Scaling up your social writing

As public relations professionals, we wear a variety of different hats for our clients. On a normal day, we can assume anywhere from five to six brand identities and write social posts for multiple industries – all while maintaining a consistent posting rhythm and prioritizing innovative content generation.

While there is not one secret ingredient to boosting engagement metrics, there are helpful practices to implement and social media gurus to learn from.

Speaking of social media gurus – Erica Schneider and Kasey Jones are some of the best in the business. The two women co-teach an online class called “Social Writing,” that I recently took. With their professional counsel, I was eager to discover what it takes to write captivating content on social channels, with the potential for it to #trend.

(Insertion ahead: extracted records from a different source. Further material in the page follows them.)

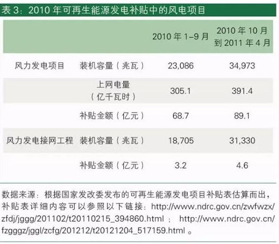 征收的電價附加能否滿足可再生能源電力補貼的需求呢?我們參照發改委發布的數據【4】來看。根據表2顯示,電價附加的主要補貼對象是可再生能源發電項目,接網費用占比很小,約為4.2%。在可再生能源發電項目中占比最多的是風電,因為在2010年,太陽能發電項目還非常少。依據表3,2010年1月-2011年4月,上網風電發電量達到696.5億千瓦時,補貼金額為157.8億元,占到同期可再生能源發電項目補貼額198.4億元的80%。
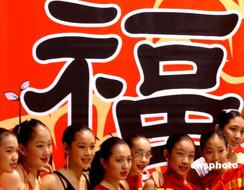 美國洛杉磯一班華人少女聚到高大的福字下,在中國農歷新年前夕先感受喜氣洋洋的氣氛。中新社記者:賈國榮
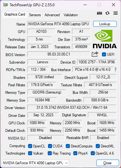 | 90.2 % v7 (old) | 10/2023 | Lenovo Legion 9 16IRX8 i9-13980HX, GeForce RTX 4090 Laptop GPU | 2.6 kg | 22.7 mm | 16.00" | 3200x2000 | |
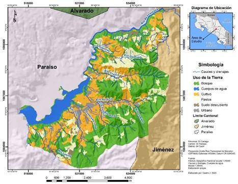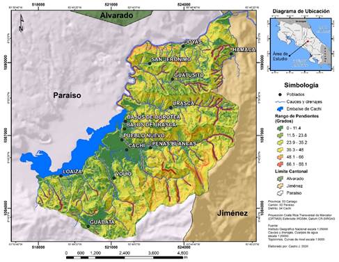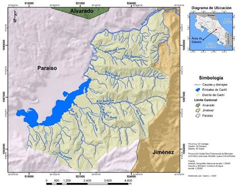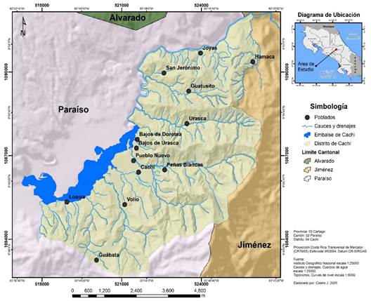 Área de estudio: El distrito de Cachí se encuentra entre las coordenadas 517 500 y 526 500 m este y 1 082 5000 y 1 091 000m norte (Fig. 1.) del sistema de proyección Transversal de Mercator para Costa Rica (CRTM) y tiene un área de 41,24km2. Constituye uno de los distritos del cantón de Paraíso y está conformado por las comunidades de San Jerónimo, Urasca, Peñas Blancas, Cachí, Volio, Loaiza y San Miguel. Alberga el embalse de Cachí el cual es utilizado para la generación hidroeléctrica y en él se desarrollan actividades agropecuarias y turísticas.
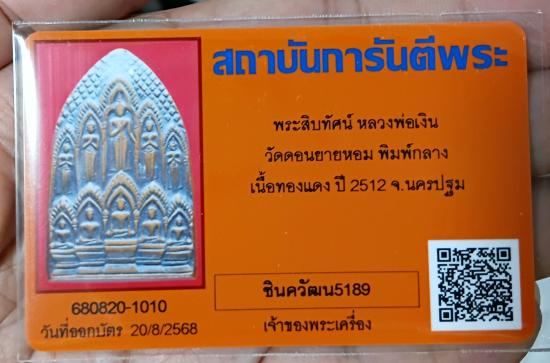 พระสิบทัศน์"พิมพ์กลาง" หลวงพ่อเงิน วัดดอนยายหอม จ.นครปฐม เนื้อทองแดง ปีพ.ศ.2512+พร้อมบัตรฯรับรองพระแท้
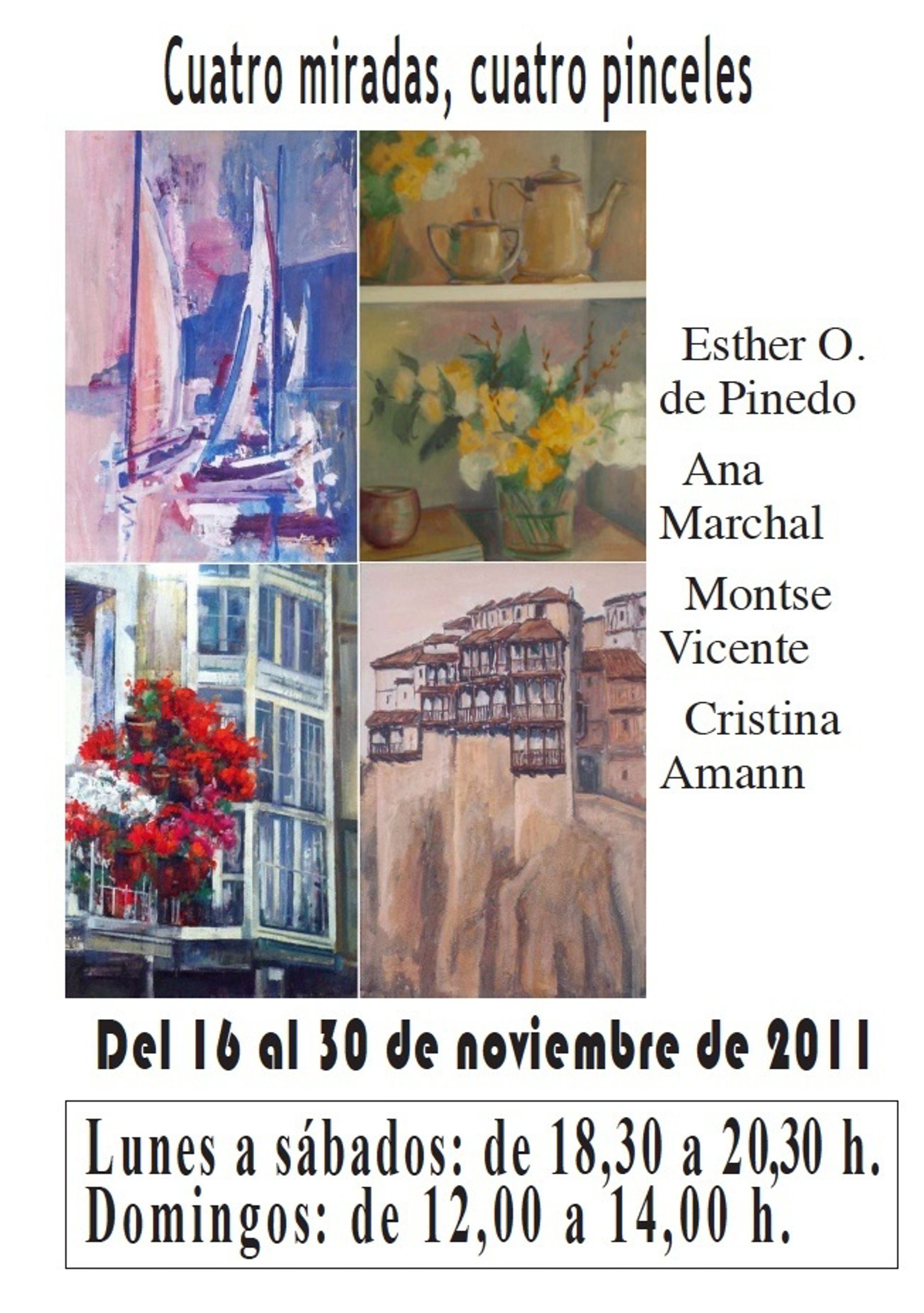 La Sala de Exposiciones Víctor de los Ríos, ubicada en la Casa de Cultura de la Villa de Santoña acogerá la exposición de pinturas "Cuatro miradas, cuatro pinceles" realizada por las artistas Esther Ortiz de Pinedo, Cristina Amann, Montse Vicente y Ana María Marchal.
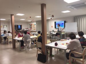 スタッフブログ 6月エルステージ名東にてメンタルヘルスケア【事務】 2018年6月27日 皆様いつもお世話になっております。 6月後半になり、より一層暑くなってまいりました。 水分補給と温度管理に気を付けて日々お過ごしください。 さて、6月のメンタルヘルスケア初回はエルステージ名東で 講習をおこないました。 今回は、大きなテーマ「認知症状の理解」を深める事により 介護者(スタッフや家族)の精神的ストレスを和らげようというお話でした。 認知症状がある利用者様がなぜそのような言動になるのか 理解することにより「なぜ」「どうして」が少なくなるという内容でした。
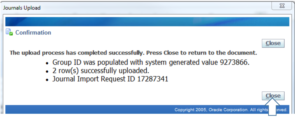 - Once the upload process completes successfully the “Journals Upload” window will display a message listing out how many rows were successfully uploaded and provide a Journal Import Request ID number. The Journal Import process will start automatically and can be monitored using this request id number.
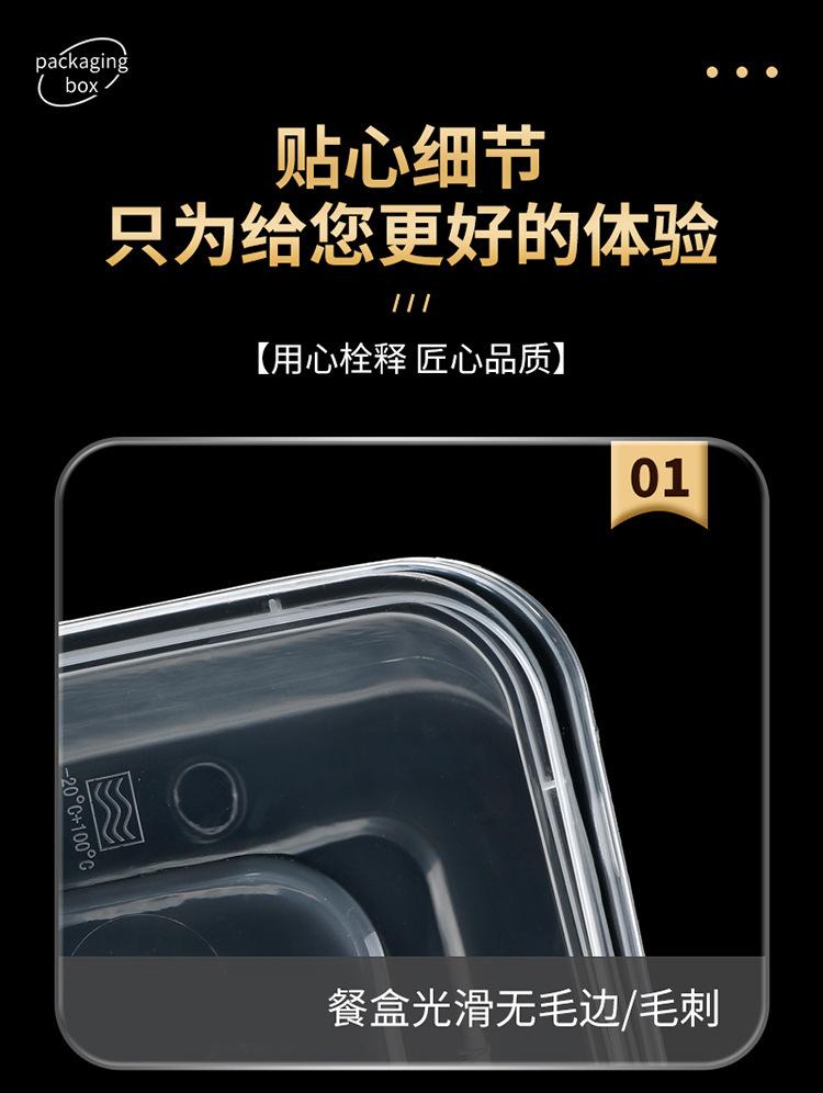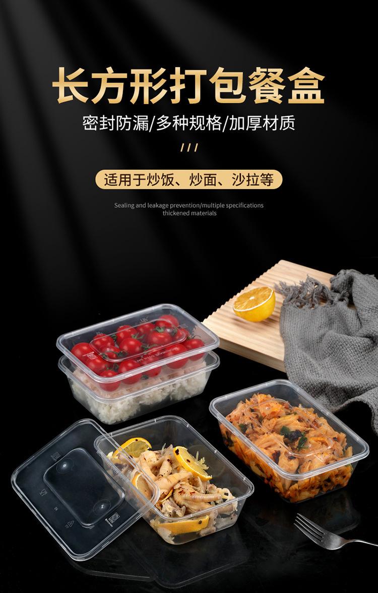 Fiambrera desechable cuadrada de plástico transparente, gruesa, para microondas, apta para llevar.
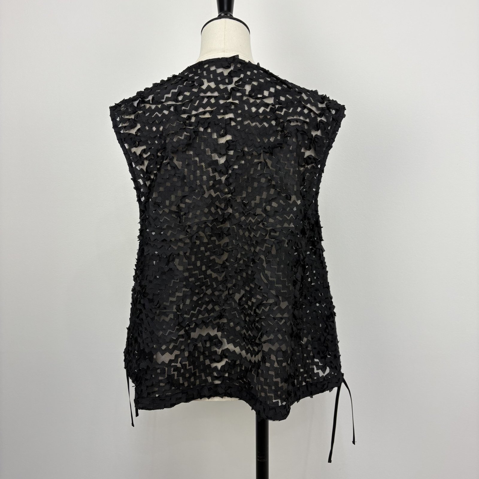 テープヤーン素材のレース風仕立てベスト。両脇に調整紐付き。透け感あり。
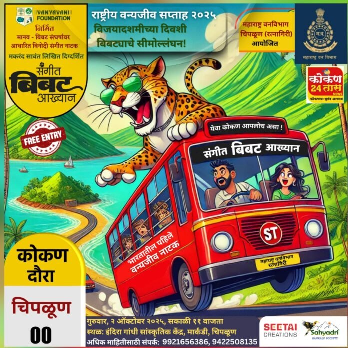 भारताच्या नाट्यपरंपरेत मैलाचा दगड ठरलेले, देशातील पहिले वन्यजीव नाटक म्हणून लौकिक मिळवलेले ‘संगीत बिबत आख्यान’ हे धमाल विनोदी नाटक २ ऑक्टोबर २०२५ रोजी सकाळी ११ वाजता चिपळूण येथील इंदिरा गांधी सांस्कृतिक केंद्रात सादर होणार आहे. निसर्ग आणि मानवी सहजीवनाचा एक अदृश्य अध्याय उलगडणारे हे नाटक, केवळ मनोरंजकच नव्हे तर विचारप्रवर्तक अनुभव देईल.
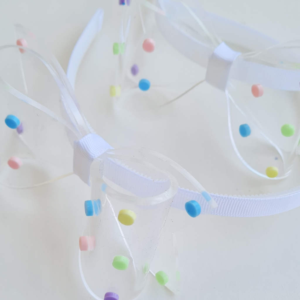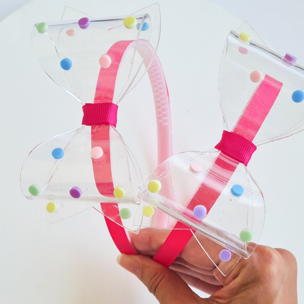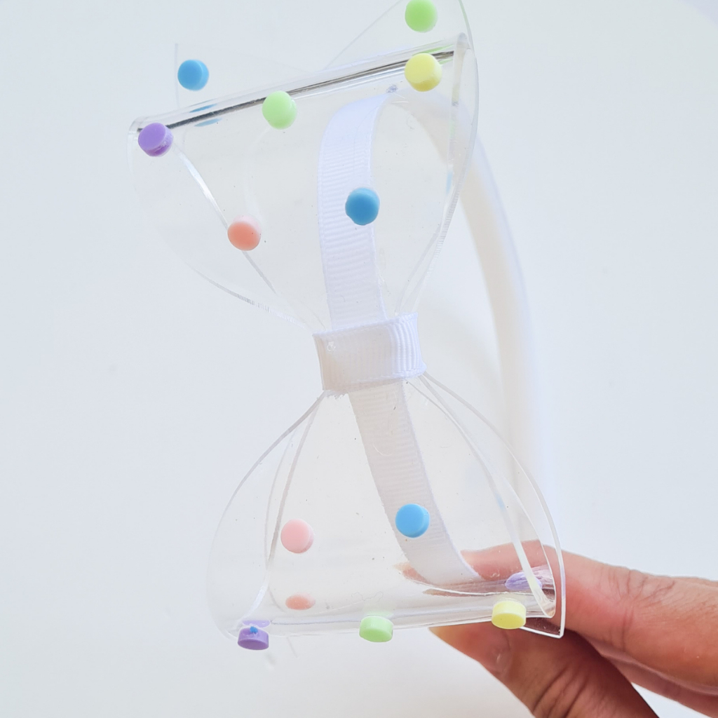 Tiara de cabelo infantil com laço de acrílico e bolinhas coloridas

For two weeks, I joined live Zoom classes centered around writing content that transforms ideas into what Kasey says is “content gold.” While the class focused on helping entrepreneurs and business leaders write for social, I found my GenZ-self thinking about how I could use the lessons learned in class for my clients and for my budding personal brand.

Here are some takeaways I gathered that can help you write with purpose when it comes to social media.

Find fans, not followers

Flexing a high follower count doesn’t mean much if your followers aren’t engaged. This idea was covered early in the class and helped guide the course and its emphasis on writing content that impacts your followers’ lives. Speaking to people’s struggles and emotions is where meaningful content takes off, and being a successful writer on social media starts with understanding your “why.”

Who are you talking to? What can you share that benefits their day-to-day life? How can you have an impact on their career or overall well-being?

Poke the pain

Just like a well-written news story outlines the most essential information early on, creating catchy social content starts with an out-of-the-box, thought-provoking first sentence.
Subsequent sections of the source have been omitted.